Task brief —
Leaving the pictures aside, write out the whole listing below exactly.

Supplied information —
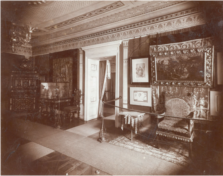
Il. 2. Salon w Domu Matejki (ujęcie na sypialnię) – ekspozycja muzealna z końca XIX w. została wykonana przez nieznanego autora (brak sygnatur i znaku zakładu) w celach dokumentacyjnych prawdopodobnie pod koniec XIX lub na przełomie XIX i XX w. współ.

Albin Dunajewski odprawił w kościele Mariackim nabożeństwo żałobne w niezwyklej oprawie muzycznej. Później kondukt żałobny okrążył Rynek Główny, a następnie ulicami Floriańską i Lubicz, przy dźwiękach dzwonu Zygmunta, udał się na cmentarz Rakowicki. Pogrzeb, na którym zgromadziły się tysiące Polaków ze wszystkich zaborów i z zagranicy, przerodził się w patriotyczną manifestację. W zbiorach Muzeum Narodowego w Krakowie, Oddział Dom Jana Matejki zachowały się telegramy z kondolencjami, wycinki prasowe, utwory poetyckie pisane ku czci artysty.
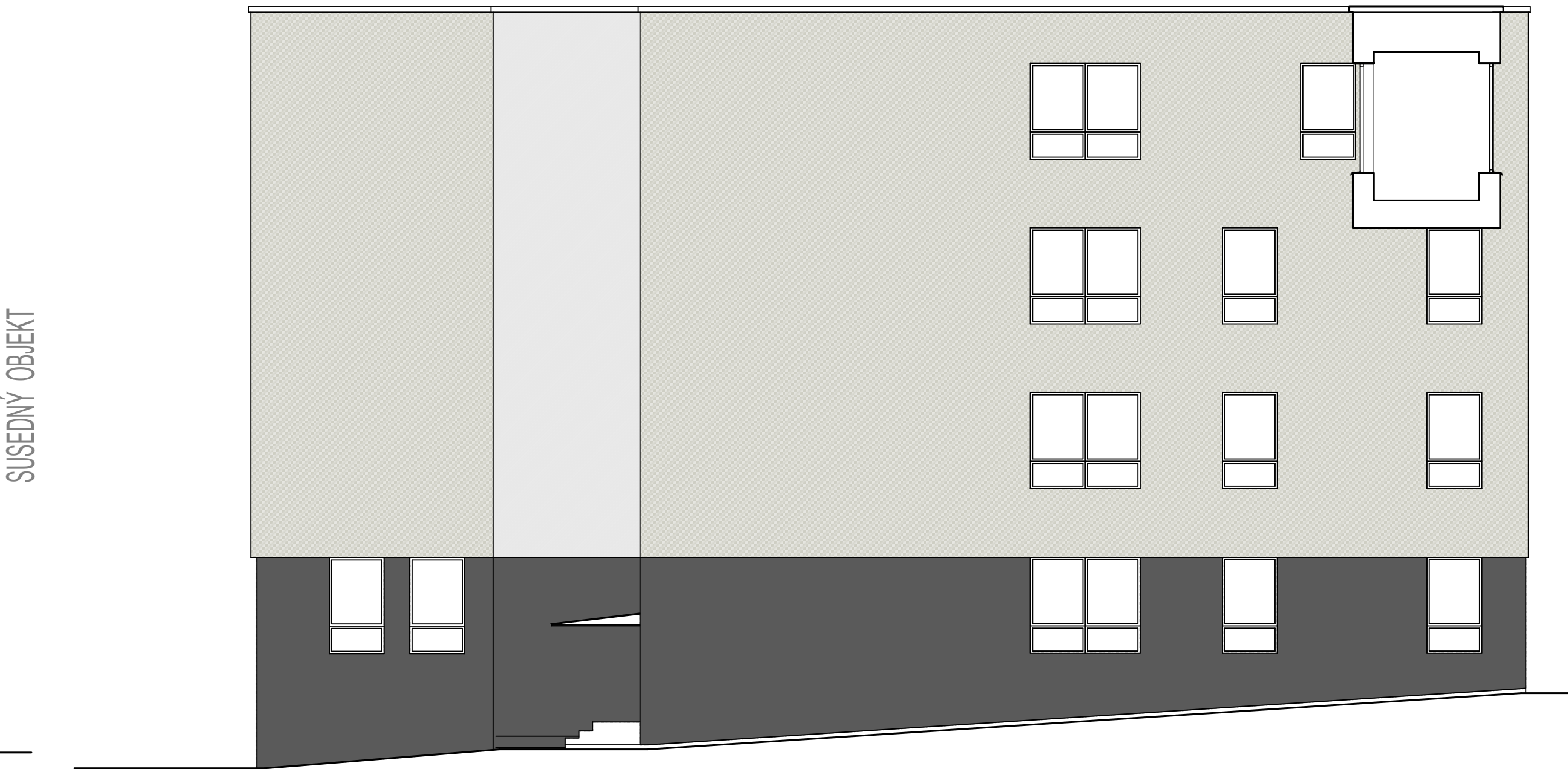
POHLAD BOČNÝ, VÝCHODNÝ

Task output —
Il. 2. Salon w Domu Matejki (ujęcie na sypialnię) – ekspozycja muzealna z końca XIX w. została wykonana przez nieznanego autora (brak sygnatur i znaku zakładu) w celach dokumentacyjnych prawdopodobnie pod koniec XIX lub na przełomie XIX i XX w. współ.

Albin Dunajewski odprawił w kościele Mariackim nabożeństwo żałobne w niezwyklej oprawie muzycznej. Później kondukt żałobny okrążył Rynek Główny, a następnie ulicami Floriańską i Lubicz, przy dźwiękach dzwonu Zygmunta, udał się na cmentarz Rakowicki. Pogrzeb, na którym zgromadziły się tysiące Polaków ze wszystkich zaborów i z zagranicy, przerodził się w patriotyczną manifestację. W zbiorach Muzeum Narodowego w Krakowie, Oddział Dom Jana Matejki zachowały się telegramy z kondolencjami, wycinki prasowe, utwory poetyckie pisane ku czci artysty.
POHLAD BOČNÝ, VÝCHODNÝ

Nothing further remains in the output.